PROBLEM TO WORK ON: Would you transcribe the listing exactly as it stands, minus any images?

COLLECTED DATA:
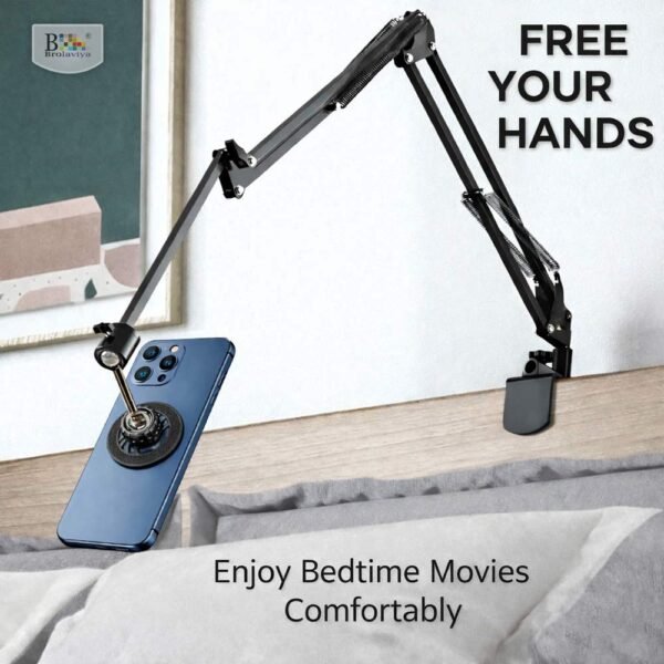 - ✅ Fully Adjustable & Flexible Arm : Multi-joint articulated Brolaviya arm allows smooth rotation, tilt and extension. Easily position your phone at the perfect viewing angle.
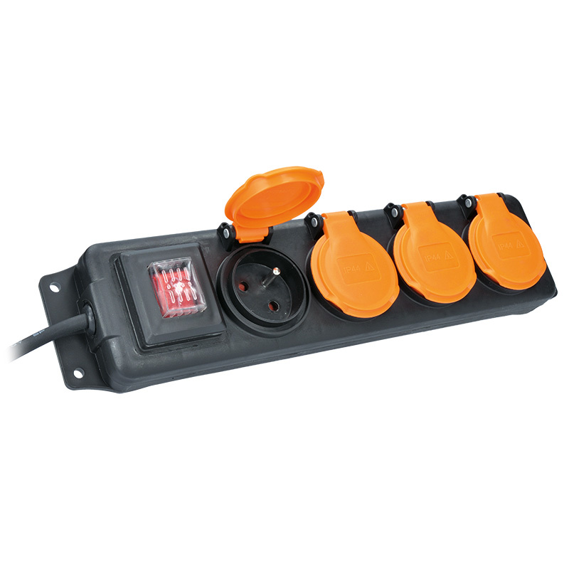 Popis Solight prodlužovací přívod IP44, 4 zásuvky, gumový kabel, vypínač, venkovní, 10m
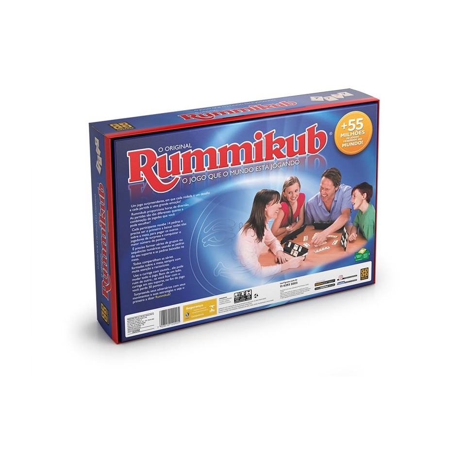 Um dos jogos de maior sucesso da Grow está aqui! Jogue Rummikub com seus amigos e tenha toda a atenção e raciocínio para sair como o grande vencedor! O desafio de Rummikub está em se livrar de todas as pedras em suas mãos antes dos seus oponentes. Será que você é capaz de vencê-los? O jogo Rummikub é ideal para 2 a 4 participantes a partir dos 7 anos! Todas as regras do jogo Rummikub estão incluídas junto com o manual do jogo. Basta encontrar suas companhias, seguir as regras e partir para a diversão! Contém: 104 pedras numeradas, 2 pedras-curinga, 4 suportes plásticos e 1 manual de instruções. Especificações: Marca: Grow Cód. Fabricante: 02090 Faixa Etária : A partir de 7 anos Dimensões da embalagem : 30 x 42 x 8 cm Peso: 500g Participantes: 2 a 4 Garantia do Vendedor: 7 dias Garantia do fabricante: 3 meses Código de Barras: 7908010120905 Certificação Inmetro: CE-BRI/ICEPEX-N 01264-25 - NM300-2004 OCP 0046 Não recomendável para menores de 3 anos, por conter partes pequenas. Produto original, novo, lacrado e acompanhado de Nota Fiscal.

THE ANSWER:
 - ✅ Fully Adjustable & Flexible Arm : Multi-joint articulated Brolaviya arm allows smooth rotation, tilt and extension. Easily position your phone at the perfect viewing angle.
 Popis Solight prodlužovací přívod IP44, 4 zásuvky, gumový kabel, vypínač, venkovní, 10m
 Um dos jogos de maior sucesso da Grow está aqui! Jogue Rummikub com seus amigos e tenha toda a atenção e raciocínio para sair como o grande vencedor! O desafio de Rummikub está em se livrar de todas as pedras em suas mãos antes dos seus oponentes. Será que você é capaz de vencê-los? O jogo Rummikub é ideal para 2 a 4 participantes a partir dos 7 anos! Todas as regras do jogo Rummikub estão incluídas junto com o manual do jogo. Basta encontrar suas companhias, seguir as regras e partir para a diversão! Contém: 104 pedras numeradas, 2 pedras-curinga, 4 suportes plásticos e 1 manual de instruções. Especificações: Marca: Grow Cód. Fabricante: 02090 Faixa Etária : A partir de 7 anos Dimensões da embalagem : 30 x 42 x 8 cm Peso: 500g Participantes: 2 a 4 Garantia do Vendedor: 7 dias Garantia do fabricante: 3 meses Código de Barras: 7908010120905 Certificação Inmetro: CE-BRI/ICEPEX-N 01264-25 - NM300-2004 OCP 0046 Não recomendável para menores de 3 anos, por conter partes pequenas. Produto original, novo, lacrado e acompanhado de Nota Fiscal.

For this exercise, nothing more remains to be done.